____ MATERIAL PROVIDED

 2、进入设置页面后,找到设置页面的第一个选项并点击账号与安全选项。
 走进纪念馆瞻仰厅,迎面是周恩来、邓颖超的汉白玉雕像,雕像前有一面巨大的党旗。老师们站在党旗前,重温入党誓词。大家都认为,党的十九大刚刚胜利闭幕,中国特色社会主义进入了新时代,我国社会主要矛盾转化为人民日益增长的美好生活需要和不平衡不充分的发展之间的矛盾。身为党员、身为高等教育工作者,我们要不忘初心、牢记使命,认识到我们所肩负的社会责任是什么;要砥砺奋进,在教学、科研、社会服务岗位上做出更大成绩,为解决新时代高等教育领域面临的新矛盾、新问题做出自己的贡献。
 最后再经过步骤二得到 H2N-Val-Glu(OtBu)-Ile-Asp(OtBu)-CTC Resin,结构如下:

________
____ MATERIAL PROVIDED

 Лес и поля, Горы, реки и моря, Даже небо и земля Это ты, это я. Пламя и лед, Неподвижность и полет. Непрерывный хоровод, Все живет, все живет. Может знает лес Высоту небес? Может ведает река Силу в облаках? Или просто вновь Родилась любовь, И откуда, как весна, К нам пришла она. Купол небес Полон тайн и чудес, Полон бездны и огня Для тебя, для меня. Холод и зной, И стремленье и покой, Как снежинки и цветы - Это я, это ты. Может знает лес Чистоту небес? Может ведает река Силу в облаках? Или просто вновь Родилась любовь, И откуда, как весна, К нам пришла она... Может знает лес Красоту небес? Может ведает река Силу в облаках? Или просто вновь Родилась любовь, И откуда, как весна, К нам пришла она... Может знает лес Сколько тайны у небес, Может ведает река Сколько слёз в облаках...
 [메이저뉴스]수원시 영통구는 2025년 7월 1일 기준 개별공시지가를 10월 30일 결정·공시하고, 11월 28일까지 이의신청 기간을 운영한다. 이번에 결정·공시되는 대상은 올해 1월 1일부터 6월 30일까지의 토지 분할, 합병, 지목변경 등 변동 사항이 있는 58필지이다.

________
____ MATERIAL PROVIDED

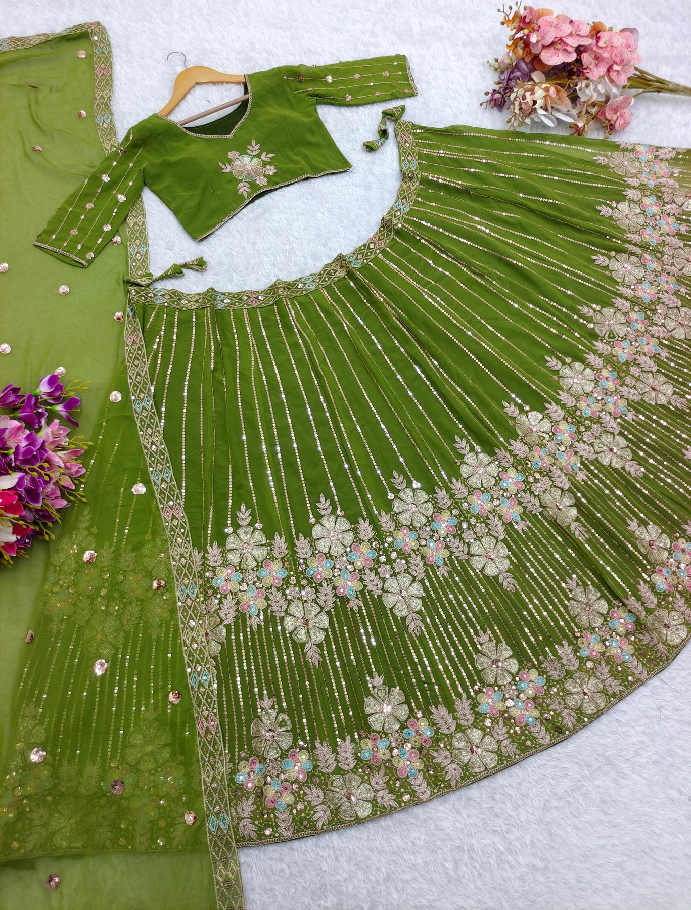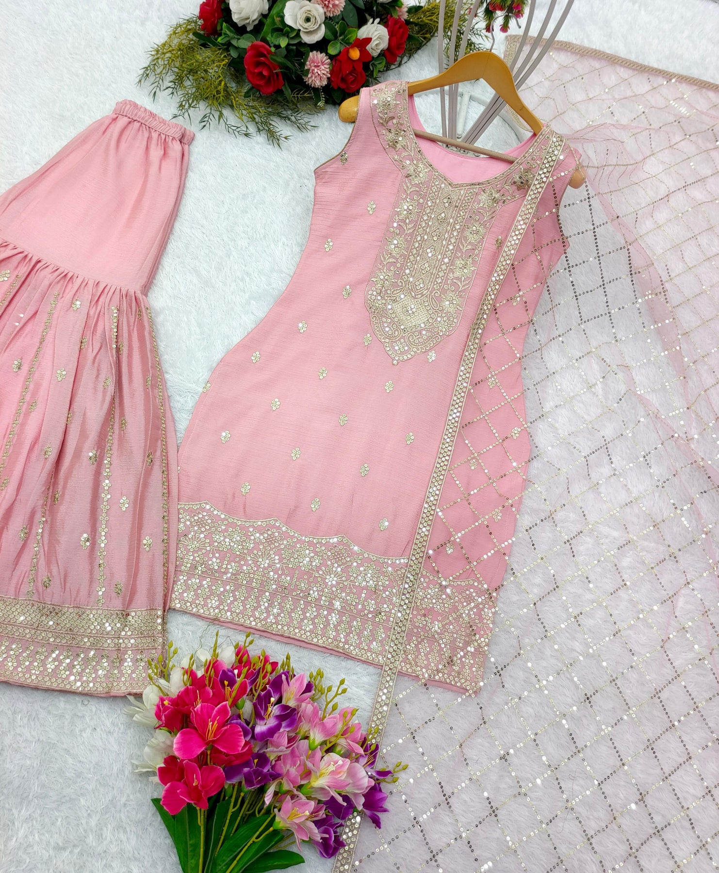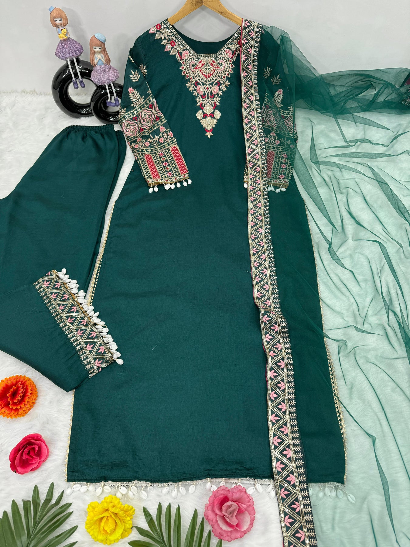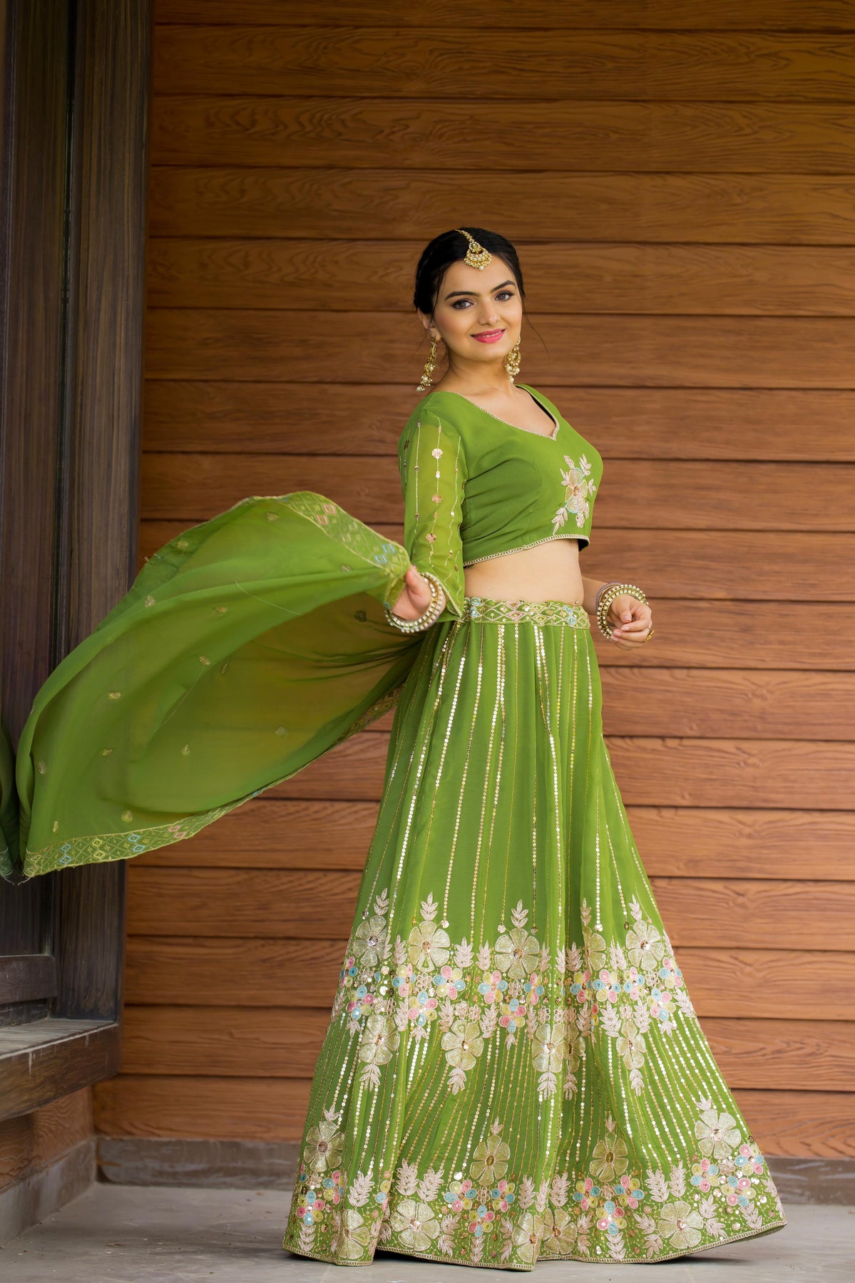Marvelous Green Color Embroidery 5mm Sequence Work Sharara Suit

________

### PROBLEM STATEMENT:
From the line containing "Лес и поля, Горы, реки" down to the line containing "[메이저뉴스]수원시 영통구는 2025년" in the material above, reproduce every line exactly, including the two end lines.

### ANSWER BOX:
 Лес и поля, Горы, реки и моря, Даже небо и земля Это ты, это я. Пламя и лед, Неподвижность и полет. Непрерывный хоровод, Все живет, все живет. Может знает лес Высоту небес? Может ведает река Силу в облаках? Или просто вновь Родилась любовь, И откуда, как весна, К нам пришла она. Купол небес Полон тайн и чудес, Полон бездны и огня Для тебя, для меня. Холод и зной, И стремленье и покой, Как снежинки и цветы - Это я, это ты. Может знает лес Чистоту небес? Может ведает река Силу в облаках? Или просто вновь Родилась любовь, И откуда, как весна, К нам пришла она... Может знает лес Красоту небес? Может ведает река Силу в облаках? Или просто вновь Родилась любовь, И откуда, как весна, К нам пришла она... Может знает лес Сколько тайны у небес, Может ведает река Сколько слёз в облаках...
 [메이저뉴스]수원시 영통구는 2025년 7월 1일 기준 개별공시지가를 10월 30일 결정·공시하고, 11월 28일까지 이의신청 기간을 운영한다. 이번에 결정·공시되는 대상은 올해 1월 1일부터 6월 30일까지의 토지 분할, 합병, 지목변경 등 변동 사항이 있는 58필지이다.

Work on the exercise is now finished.